[jboss-jira] [JBoss JIRA] Commented: (JBMESSAGING-1822) MessageSucker failures cause the delivery of the failed message to stall

Monday, 25 October 2010

    [
https://jira.jboss.org/browse/JBMESSAGING-1822?page=com.atlassian.jira.pl...
] 

Yong Hao Gao commented on JBMESSAGING-1822:
-------------------------------------------

As XA is not a preferred way to this issue, I come up with an idea that can hopefully
solve the issue. I give it here for discussion.

1. Introduce a new state in JBM_MSG_REF table's STATE column.
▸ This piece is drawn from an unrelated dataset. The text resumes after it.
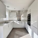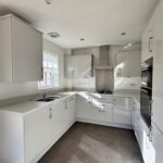 To the rear of the property lies a stunning open-plan kitchen/dining room, finished in a contemporary style with sleek cabinetry, integrated appliances, and ample space for family dining. Elegant French doors open directly onto the landscaped rear garden, seamlessly blending indoor and outdoor living and creating an ideal space for entertaining during the warmer months.

The new state
'S' marks that the message is in a special "To be sucked" state.
2. Change the sucking process as the following:

a) When a Message M is ready to be sucked, it is put to the remote consumer
(ServerConsumerEndpoint) for delivery. This remote consumer on accepting M, update the
M's state to 'S'. Then it goes on to actually deliver M to the Message Sucker
on another node.

b) When the message sucker receives M, it first acknowledges it and then sends it to the
local queue.

c) When the acknowledgement arrives at the source node, the session simply forget the
message (without any DB operations).

Failure handling

The sucking process will have to handle the following failures

1. Source node crash. That will leave M in either 'C' (normal state) or
'S' state. If M is in normal state. When the node is restarted, it will be
delivered as normal. If M is already in 'S' state, this message won't be
delivered as normal messages when the node is restarted, no matter whether this M has been
delivered to the Sucker or not. At the target node, if the sucker has received the message
and updated it successfully, M will be in the local queue already. If the sucker has
received the message but failed to update M, leaving M in 'S' state. 
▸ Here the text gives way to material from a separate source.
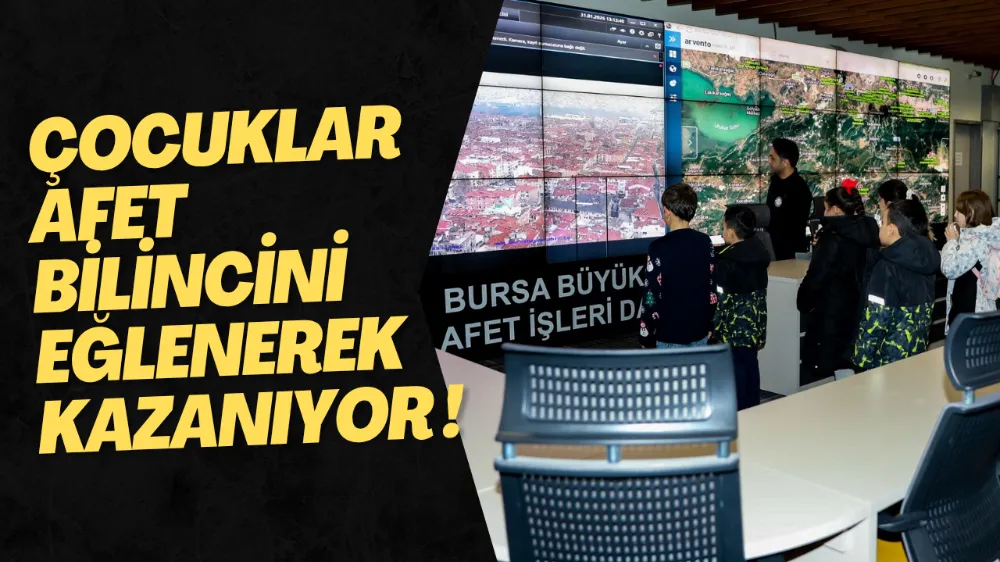 Bursa Büyükşehir Belediyesi Afet Koordinasyon Merkezi (AKOM) ve Bursa Kent Konseyi Çocuk Meclisi birlikteliğiyle Atatürk Kültür Merkezi Merinos Yerleşkesi Kent Konseyi Çınar Salon’da düzenlenen etkinlikte çocuklara, afet öncesi, afet anı ve sonrası için güvenli yaşam becerileri kazandırılması hedeflendi. AKOM yetkilileri tarafından çocuklara, afet nedir, afetlere karşı alınabilecek önlemler nelerdir, deprem nedir gibi soruların yanıtları verilirken, depreme hazırlık, deprem sırasında ve sonrasında yapılması gereken doğru davranışlar eğitici ve uygulamalı çalışmalarla aktarıldı.

When source node comes up again, the sucker will reconnected to the source node and
registers a remote consumer. On starting up of the remoting consumer, it will first check
in DB is there is a message that has state of 'S', if so it picks up this message
and deliver it to the sucker right away.

2. Target node crash. That will leave M in several situations:

1st - M being put to the remote consumer be hasn't been updated to 'S' state.
Then M will eventually be cancelled to queue for re-delivery.
2nd - M being put to the remote consumer and updated to 'S' state, but not yet
delivered. When remote consumer be closed eventually, it will acknowlege it to the Session
to forget it. That prevent the session from redeliver M when it is in 'S' state.
When target node comes up and a new remote consumer registered, the message will be picked
up and delivered (the first thing such a remote consumer does when started).
3rd - M being put to the remote consumer and updated to 'S' state and delivered to
the sucker in target node, but failed to acknowledge it. This is equivalent to 2nd case,
i.e. when target node is back the message M will be redelivered.
4th - M being delivered to target node and acked, but failed to update its state (still in
'S'). Same thing as 3rd, i.e. the M will be picked up when targe node is back and
a remote consumer is registered.

3. Both nodes crash. We just monitor the state of M. When either node starts up again, it
ignores messages marked as 'S' states. Once a sucker is created and registers a
remote consumer, it's first task is to look up the message in 'S' state and
deliver it if any. 

...
 MessageSucker failures cause the delivery of the failed message to
stall
 ------------------------------------------------------------------------

                 Key: JBMESSAGING-1822
                 URL: https://jira.jboss.org/browse/JBMESSAGING-1822
             Project: JBoss Messaging
          Issue Type: Bug
          Components: Messaging Core
    Affects Versions: 1.4.6.GA
            Reporter: david.boeren
            Assignee: Yong Hao Gao
             Fix For: Unscheduled

         Attachments: helloworld.zip

 The MessageSucker is responsible for migrating messages between different members of a
cluster, it is a consumer to the remote queue from which it receives messages destined for
the queue on the local cluster member. 
 The onMessage routine, at its most basic, does the following 
 - bookkeeping for the incoming message, including expiry 
 - acknowledge the incoming message 
 - attempt to deliver to the local queue 
 When the delivery fails, the result is the *appearance* of lost messages. Those messages
which are processed during the failure are not redelivered, but they still exist in the
database. 
 The only way I have found to trigger the redelivery of those messages is to redeploy the
queue containing the messages and/or restart that app server. Obviously neither approach
is acceptable. 
 In order to trigger the error I created a SOA cluster which *only* shared the JMS
database, and no other. I modified the helloworld quickstart to display a counter of
messages consumed, clustered the *esb* queue, and then used byteman to trigger the faults.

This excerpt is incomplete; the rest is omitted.